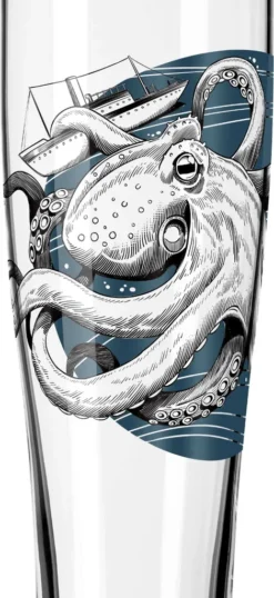 – Seemann und Krake. Das Design inszeniert mit akribisch ausgeführten Zeichnungen eine uralte Volkssage, die auf den Weizengläsern in mitreißenden Arrangements für neue Begeisterungsstürme sorgt.
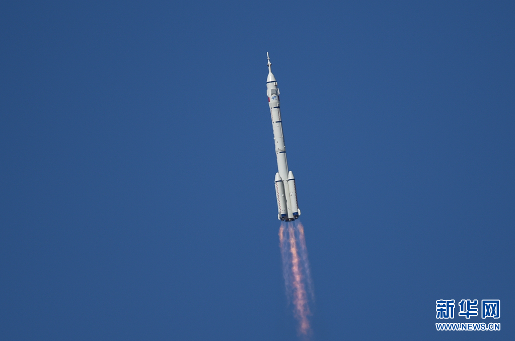 6月17日,搭載著神舟十二號載人飛船的長征二號F遙十二運載火箭在酒泉衛星發射中心點火升空。新華社記者 連振 攝
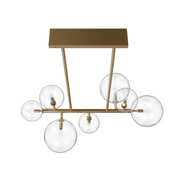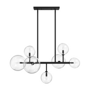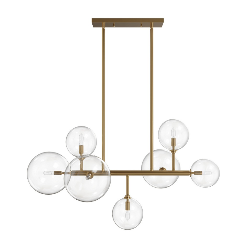 Our Delilah Collection boasts a stunning new linear chandelier, with its sleek mid-century modern design and clear glass globes that are both elegant and eye-catching. The oversize fixture adds a touch of sophistication to any room, casting a warm and inviting glow.
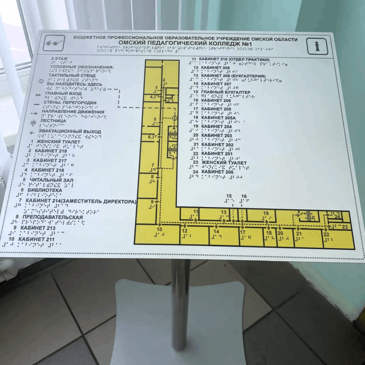 - тактильные мнемосхемы настенные и на стойке для ориентирования на этажах
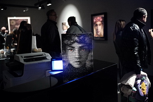 Bis Januar kommenden Jahres ist in Düsseldorf eine Ausstellung des Künstlers Maxim Wakultschik zu sehen. 15 neue Werke, die er selbst Optical Portraits nennt, sind in der Galerie Christian Marx im Stilwerk ausgestellt. Um den Porträts Tiefe zu verleihen, werden sie aus eingefärbten Holzstäbchen gefertigt.
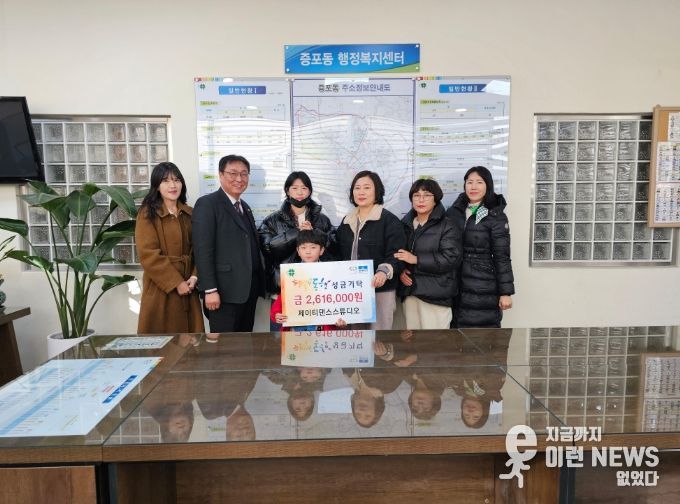 이번 기탁금은 제이티댄스스튜디오 회원들의 기부품을 모아 개최한 바자회를 통해 마련한 수익금으로, 지역 내 어려운 아이들을 돕고자 전달됐다. 올해로 6년째 증포동에 성금을 기탁하고 있는 제이티댄스스튜디오는 소외계층을 위해 꾸준한 나눔을 실천하고 있다.
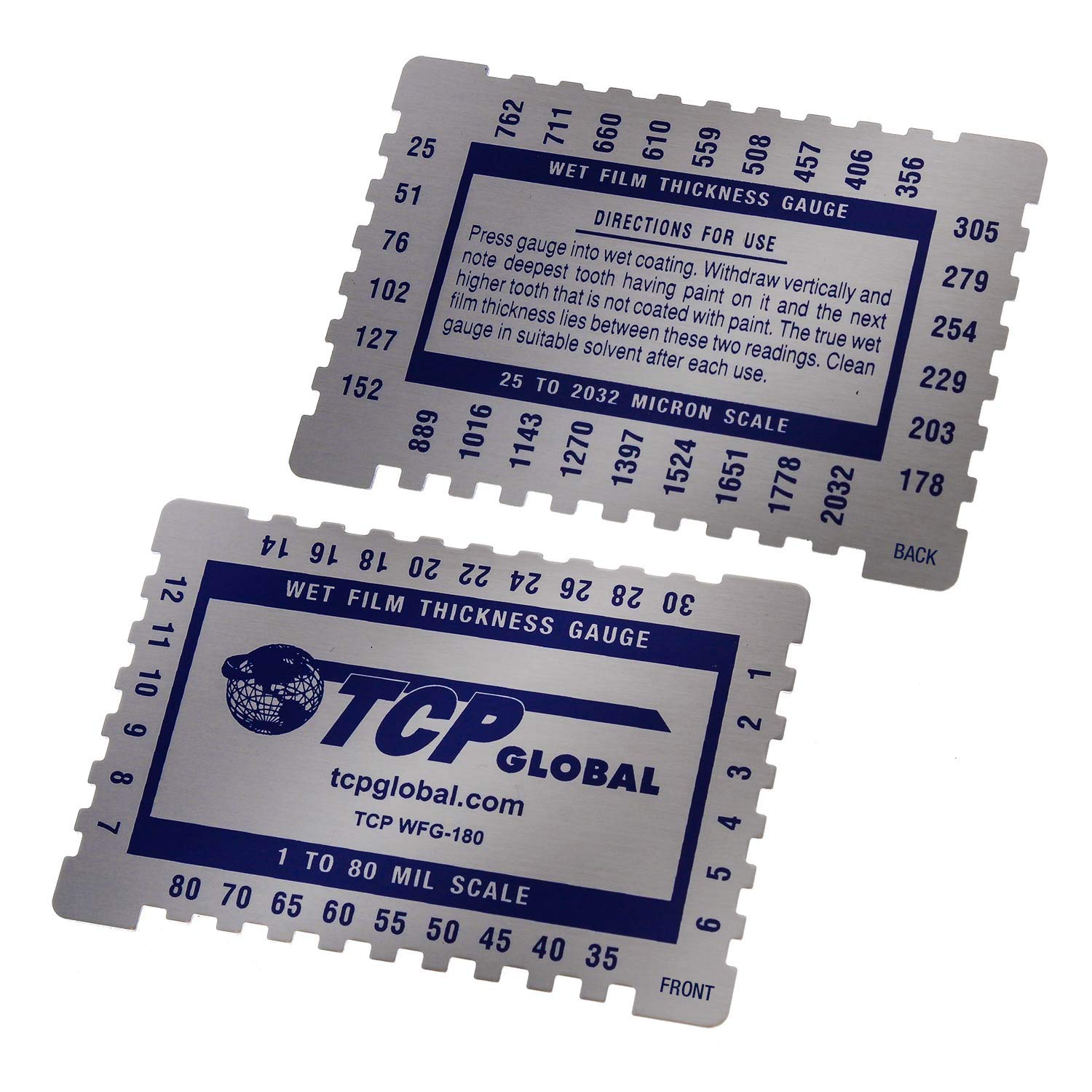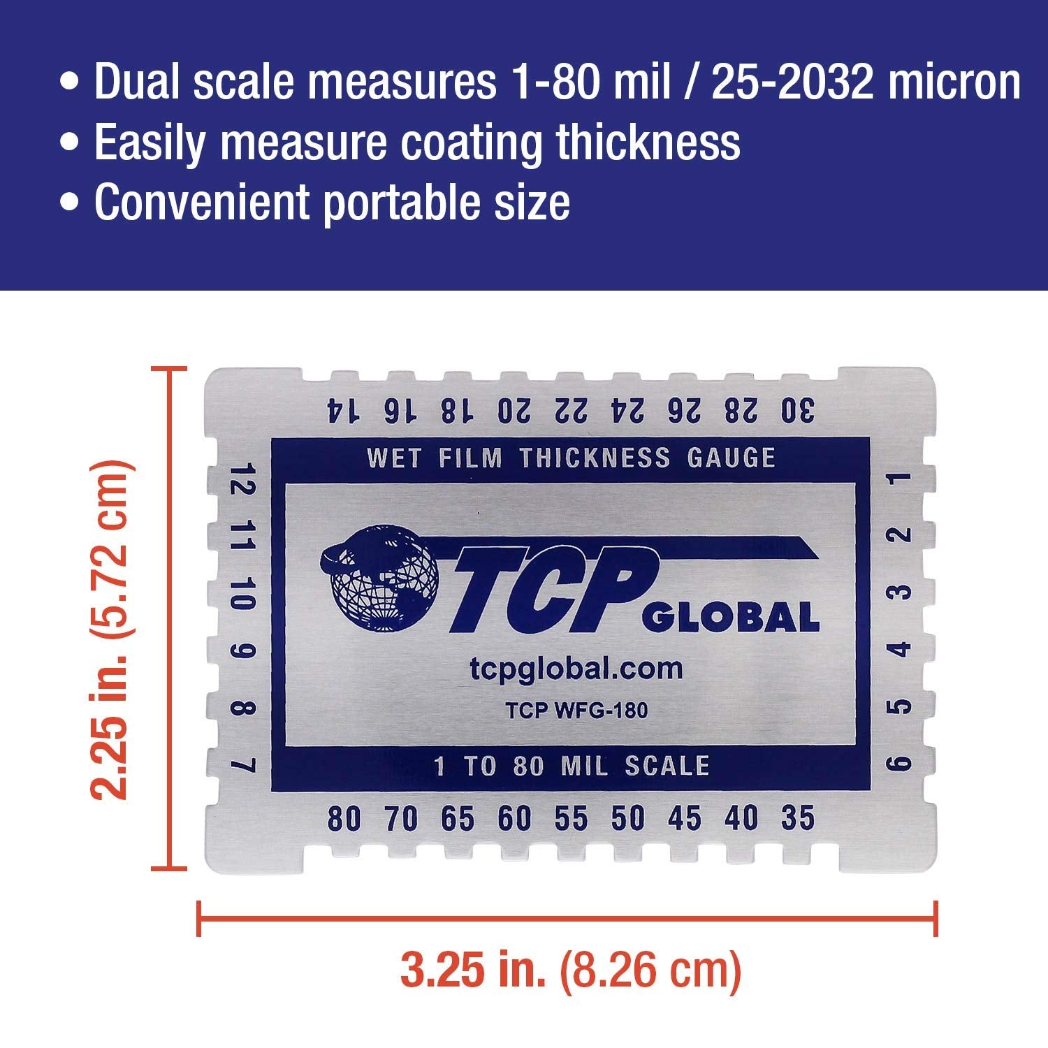 TCP Global Wet Film Thickness Gauge Comb, 1-80 Mil Scale, Step and notched for Paints Resins

┄┄┄┄┄┄

§ **Exercise instructions**: Set every line of the records down again exactly, and exclude all pictures.

§ **Answer to this exercise**:
 – Seemann und Krake. Das Design inszeniert mit akribisch ausgeführten Zeichnungen eine uralte Volkssage, die auf den Weizengläsern in mitreißenden Arrangements für neue Begeisterungsstürme sorgt.
 6月17日,搭載著神舟十二號載人飛船的長征二號F遙十二運載火箭在酒泉衛星發射中心點火升空。新華社記者 連振 攝
 Our Delilah Collection boasts a stunning new linear chandelier, with its sleek mid-century modern design and clear glass globes that are both elegant and eye-catching. The oversize fixture adds a touch of sophistication to any room, casting a warm and inviting glow.
 - тактильные мнемосхемы настенные и на стойке для ориентирования на этажах
 Bis Januar kommenden Jahres ist in Düsseldorf eine Ausstellung des Künstlers Maxim Wakultschik zu sehen. 15 neue Werke, die er selbst Optical Portraits nennt, sind in der Galerie Christian Marx im Stilwerk ausgestellt. Um den Porträts Tiefe zu verleihen, werden sie aus eingefärbten Holzstäbchen gefertigt.
 이번 기탁금은 제이티댄스스튜디오 회원들의 기부품을 모아 개최한 바자회를 통해 마련한 수익금으로, 지역 내 어려운 아이들을 돕고자 전달됐다. 올해로 6년째 증포동에 성금을 기탁하고 있는 제이티댄스스튜디오는 소외계층을 위해 꾸준한 나눔을 실천하고 있다.
 TCP Global Wet Film Thickness Gauge Comb, 1-80 Mil Scale, Step and notched for Paints Resins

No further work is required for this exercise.